I hope these changes help. What do you think, what else can ProtoSyn do to help simulate or manipulate NCAAs?

JosePereiraUA commented 2 years ago

Small update: Merging new NCAA grammar with existing natural aminoacids grammar

See d3f5ecee19f42bc7a0cebbdcd67d9c170c99e031.

In most applications (such as using the Peptides.add_hydrogens! method, for example), a Grammar is requested (in this case, to know the position of the currently non-existent hydrogens). I was having issues when trying to loop over both natural aminoacids and NCAAs: I had to run the function twice, once with the default grammar and another with the NCAA grammar.
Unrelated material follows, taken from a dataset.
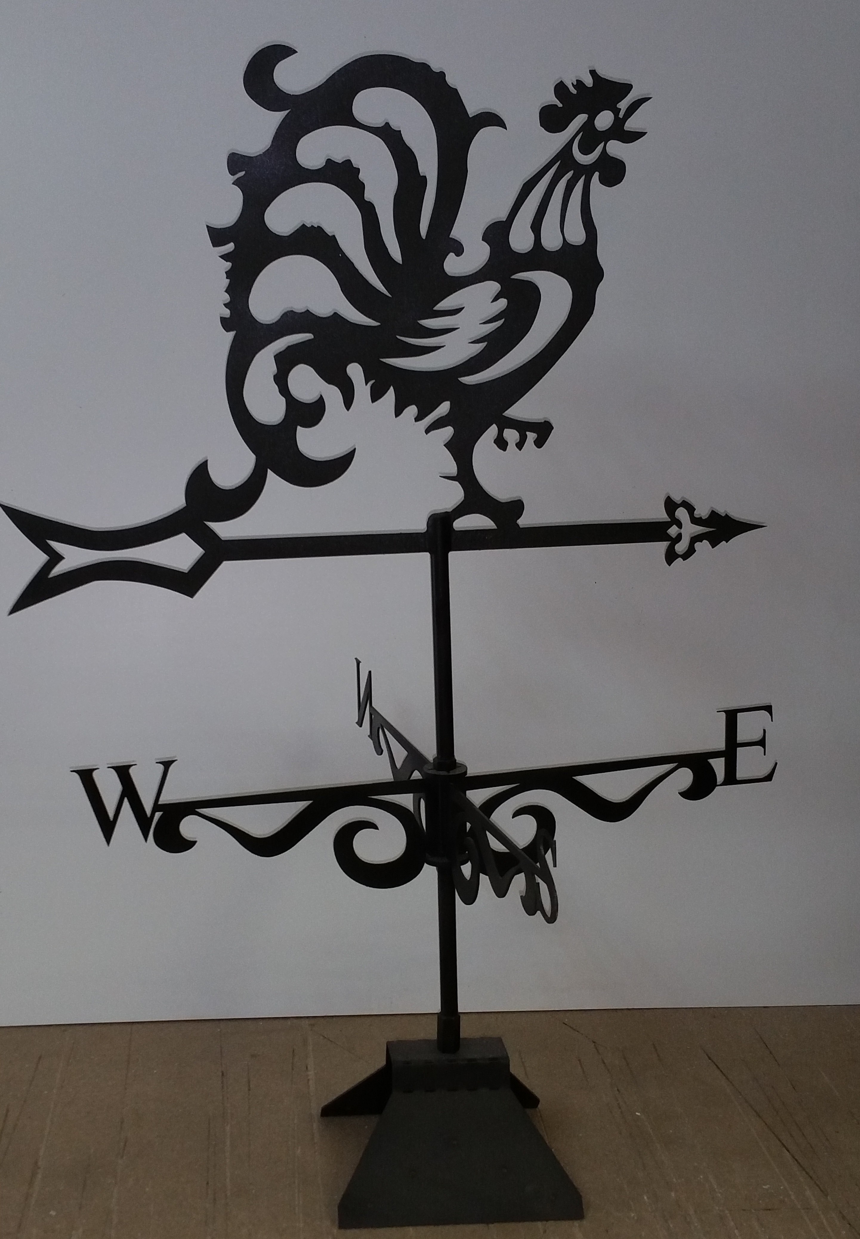 Классической фигурой флюгера и наиболее распространенной является изображение герба, фирменного стиля мастера либо владельца дома, а также, какого либо магического животного или петуха, указывающего направление ветра. Состоит из стойки, розы ветров с указателем сторон света и собственно флюгерки . Устройство такого флюгера очень простое и одновременно надежное: металлический шпиль, в основе всей конструкции, прикрепленный в основании к коньку кровли дома или к дымоходу, с установленным на оси фигурой-указателем. При этом ось вращения должна быть установлена строго вертикально, а флюгер – свободно вращаться от малейшего дуновения ветра.
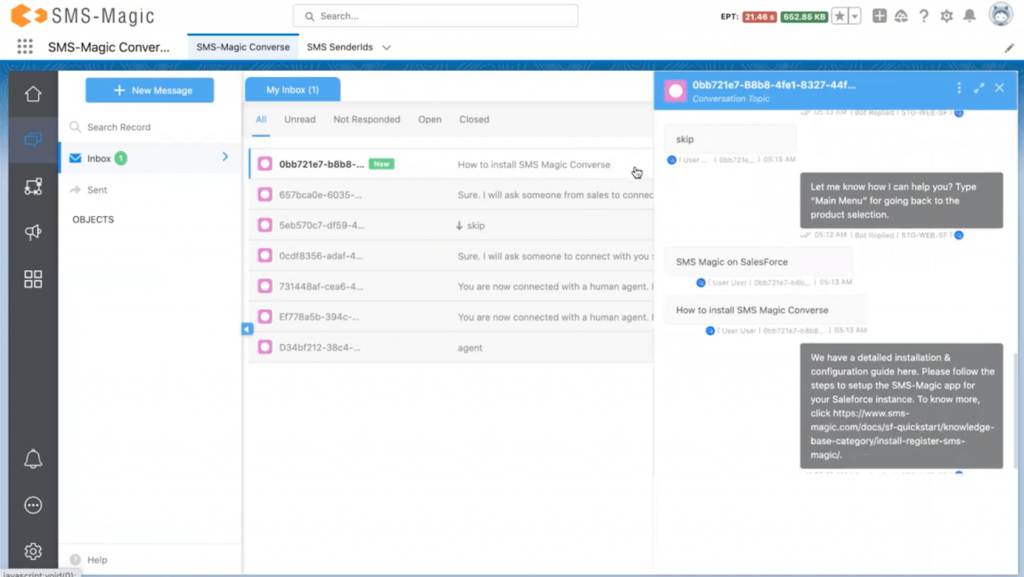 With this, the business users can always remain in sync with the communication history of each contact. They can also identify the responses that are sent by the human agent and those sent by the Bot.

For this reason I added the Peptides.join_grammars! and load_grammar_from_file! methods. The new usage is something like:

julia> ProtoSyn.Peptides.load_grammar_from_file!(Peptides.grammar, joinpath(Peptides.resource_dir, "grammars.yml"), "ncaa");
┌ Warning: Operator α found in existing grammar with same key. Skipping addition of operator from new grammar. Check if this is the desired behaviour.
â”” @ ProtoSyn.Peptides ~/ProtoSyn.jl/src/Peptides/Submodules/Builder/grammar.jl:56
┌ Warning: Operator β found in existing grammar with same key. Skipping addition of operator from new grammar. Check if this is the desired behaviour.
â”” @ ProtoSyn.Peptides ~/ProtoSyn.jl/src/Peptides/Submodules/Builder/grammar.jl:56
┌ Warning: Default operator of existing grammar was not changed. Skipping addition of default operator from new grammar. Check if this is the desired behaviour.
â”” @ ProtoSyn.Peptides ~/ProtoSyn.jl/src/Peptides/Submodules/Builder/grammar.jl:62

As the warnings suggest, no overwritting of existing operators of variables occurs. Any overwritting needs to be done manually, for example:

julia> new_grammar = ProtoSyn.Peptides.load_grammar_from_file(joinpath(Peptides.resource_dir, "grammars.yml"), "ncaa");

julia> Peptides.grammar.operators["α"] = new_grammar.operators["new_α"]

This seems to be a more natural and direct application of Grammars. Now all required variables are in Peptides.grammar.